Une autre approche — qui reflète la manière dont la Chambre des Communes a déjà traité cette question — serait que la présidence ordonne que les éléments impliqués soient supprimés du rapport. Cette approche ne serait toutefois pas conforme à la culture de notre institution, où les sénateurs sont généralement responsables des travaux, aidés par la présidence dans la conduite ordonnée des travaux. En outre, il convient de noter que certains éléments du rapport semblent contenir des dispositions qui sont irrecevables et d’autres qui ne le sont pas. Ainsi, la présidence est peu disposée à s’arroger un tel rôle dans le cadre d’un rapport long et complexe.
Tout bien considéré, il semblerait que l’approche la plus appropriée, dans ce cas particulier, serait que le rapport et le projet de loi soient renvoyés au comité. Cela permettrait au comité, qui dispose de l’expertise nécessaire, de corriger le rapport en supprimant les éléments qui vont au-delà de la portée du projet de loi. Le comité serait le mieux placé pour se prononcer sur les cas complexes à la lumière de ses travaux antérieurs sur le projet de loi. Bien que le comité puisse décider de la manière dont il souhaite procéder, ce travail pourrait être relativement limité, le comité n’ayant qu’à revoir le rapport, supprimer les dispositions qui ont été contestées dans le rappel au Règlement, apporter les ajustements nécessaires et adopter un nouveau rapport sur le projet de loi pour présentation au Sénat. Il ne serait pas nécessaire pour le comité de refaire l’étude article par article, à moins qu’il ne décide de procéder de cette façon.

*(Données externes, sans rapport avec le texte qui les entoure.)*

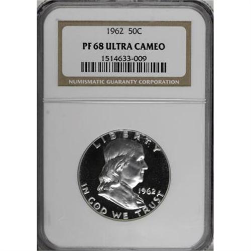<B>1962 50C PR68 Deep Cameo NGC.</B></I> NGC Census: (212/15). PCGS Population (155/11). Numismedia Wsl. Price for NGC/PCGS coin in PR68: $481. (#96703)<BR><BR><b>Shipping:</b> Coins & Currency (<a target="_blank" href="http://www.heritageauctions.com/common/shipping.php">view shipping information</a>)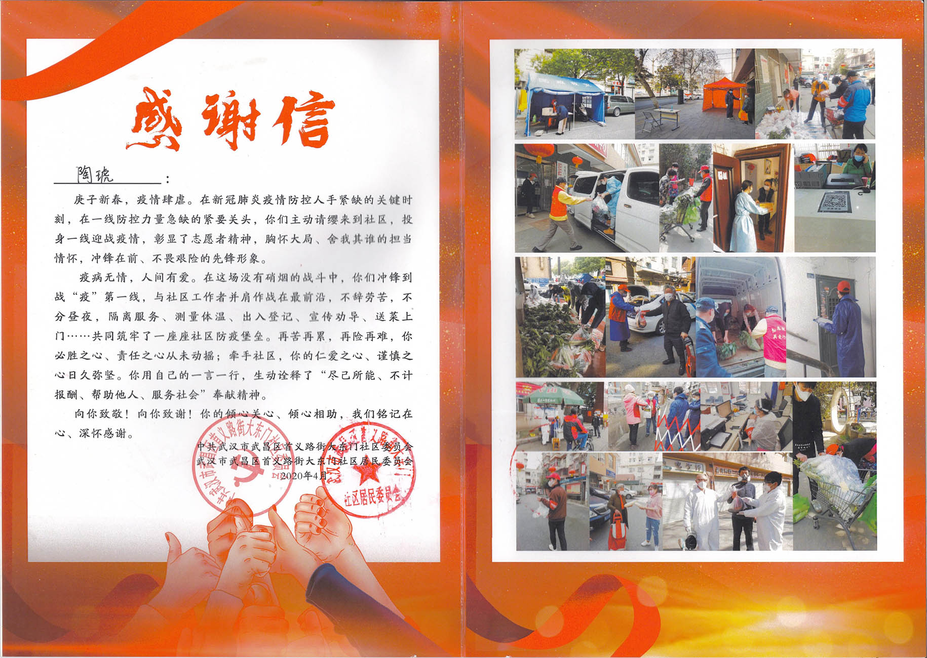 在本次疫情的防疫,抗疫工作中,涌现出一大批有家国情怀,有担当的青年志愿者作为我司职员陶琥,就是这样一位社区防疫志愿者。在社会急需志愿者的时刻,陶琥怀着奉献社会、锻炼自我的心态,毅然成为了所在社区的志愿者。有一分热,发一分光就 像萤火一般,也可以在黑暗里发一点光,不必等候炬火。

La décision est donc que les amendements contestés dans le rappel au Règlement ne sont pas correctement soumis au Sénat. Pour permettre au comité de corriger cette situation, le rapport doit être rayé de l’ordre du jour, et renvoyé avec le projet de loi, au Comité sénatorial permanent des affaires juridiques et constitutionnelles, afin que celui-ci puisse apporter les corrections nécessaires et présenter un nouveau rapport qui respecte la portée du projet de loi. Ce nouveau rapport pourrait, bien entendu, être contesté à son tour si un collègue développait des arguments solides selon lesquels le résultat dépasse toujours la portée du projet de loi.
Votre Honneur, je suis conscient du travail qui a été fait et je dois respecter votre décision. Comme vous le suggérez dans votre conclusion, je ferai rayer le rapport de l’ordre du jour. Nous le renverrons au comité pour qu’il le corrige et nous le ramènerons sous une forme corrigée.